It is very common for a support recipient to request retroactive child support. Since this issue is common and is raised frequently, it is helpful to review the leading case and factors that govern the issue.
In D.(S.P.) v. J.(L.S.), the Provincial Court of British Columbia dealt with the issue of awarding retroactive child support. The Court referred to the Supreme Court of Canada’s decision in S.(D.B.) v. G.(S.R.) when it rendered its decision to award child support retroactively.
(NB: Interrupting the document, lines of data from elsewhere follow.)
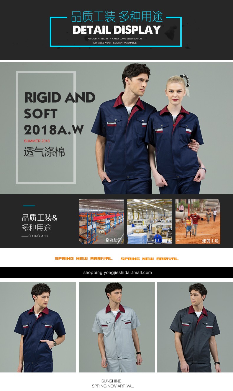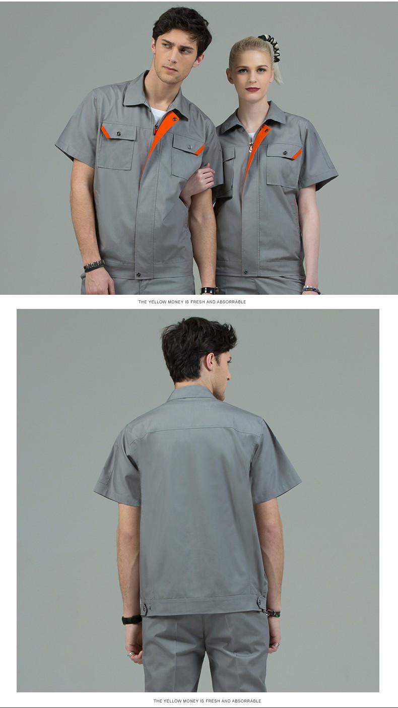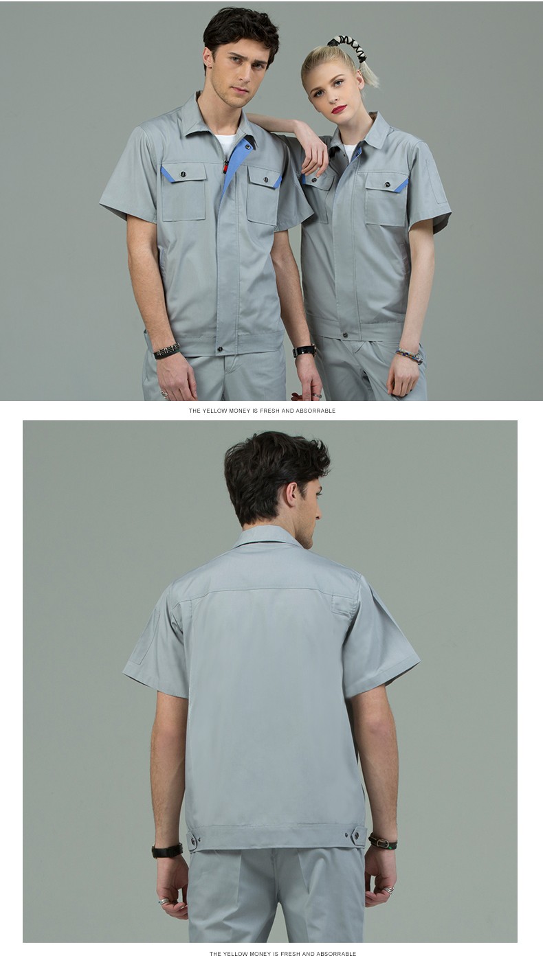 藏藍(lán)色加棗紅領(lǐng)短袖工作服,適用于物流運輸,建筑工地,工廠車間等工作環(huán)境
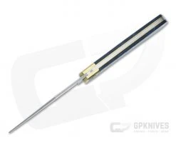 Nichols Stainless Damascus: Stainless Damascus offers the performance of a modern stainless steel while delivering a unique look from the pattern welded layers and acid etched finish. Available in multiple patterns, stainless Damascus gives a knife a striking and singular look. Composed of AEB-L and 304, Nichols Damascus delivers excellent corrosion resistance and toughness with good hardness for edge retention.
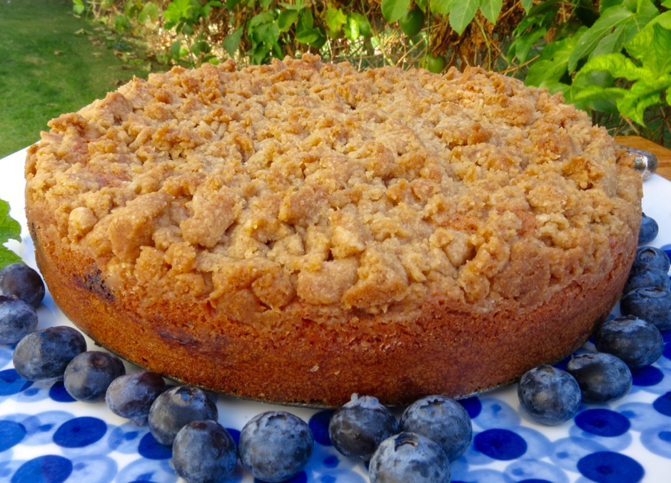 Like many others, I am a fan of Ina Garten’s recipes. I miss her Barefoot Contessa cooking show on Food Network. The cooking channels seem to have cancelled their actual cooking shows such as Ina’s. These days, you’re hard pressed to find such a show though there is no shortage of reality/competitive cooking shows. Now on to Ina’s blueberry crumb cake! Blueberries are plentiful and so now is a great time to make this cake. My version uses lactose free ingredients but go ahead and use regular sour cream and butter if you get along with them just fine.

Given that the Supreme Court of Canada’s decision is fast approaching its 10th anniversary, this is an opportune moment to highlight several important aspects of retroactive child support awards:
- Retroactive awards should be decided on a case-by-case basis.
- Child support is the right of the child and cannot be waived by the recipient parent.
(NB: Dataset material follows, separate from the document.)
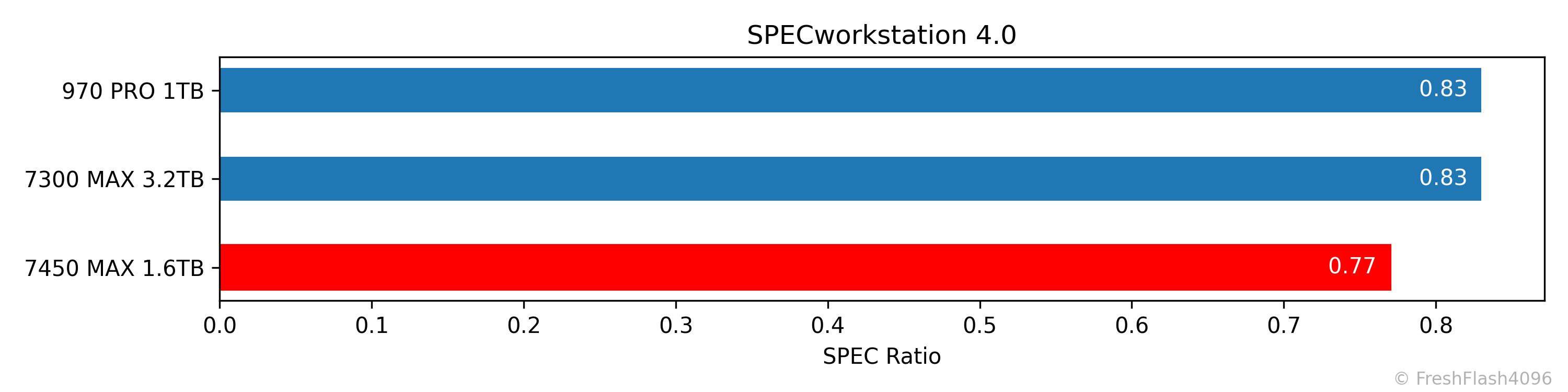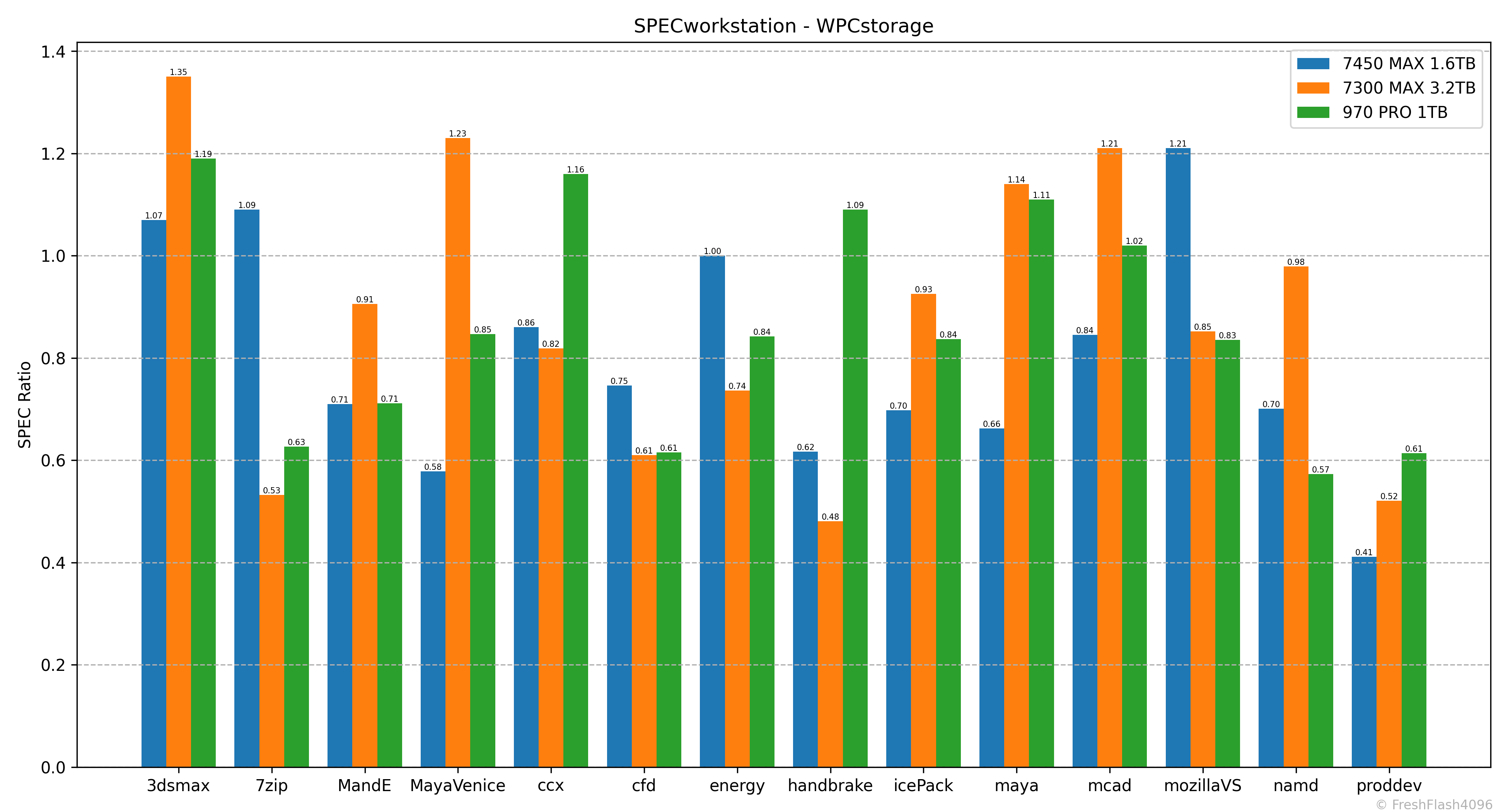 간단하게 끝내지 말고, 더 살펴보죠. MandE 워크로드에서는 7450 MAX와 970 PRO의 성능이 유사했지만, 7300 MAX가 독보적이었으며, maya 워크로드에서는 7300 MAX와 970 PRO의 성능이 유사하고 7450 MAX가 가장 뒤떨어졌습니다.

- Each parent’s behavior should be considered in balancing the competing factors for and against retroactive orders.
- Delay in making an application for retroactive child support is consideration, but delay does not automatically rule out a retroactive order.
- The present circumstances of the child must be considered in the exercise of the discretion to award retroactive child support.
- If the court orders retroactive child support, the award should be retroactive to the date of effective notice by the recipient parent that child support should be paid or increased, but no more than three years in the past.
- The “effective date” is the date when it was indicated to the payor parent that child support needs to be re-calculated. It does not require a recipient to take legal action.
- Blameworthy conduct will move the presumptive date of retroactivity to the time when circumstances changed materially.
- In fixing the amount of retroactive child support, the Federal Child Support Guidelines should generally be followed.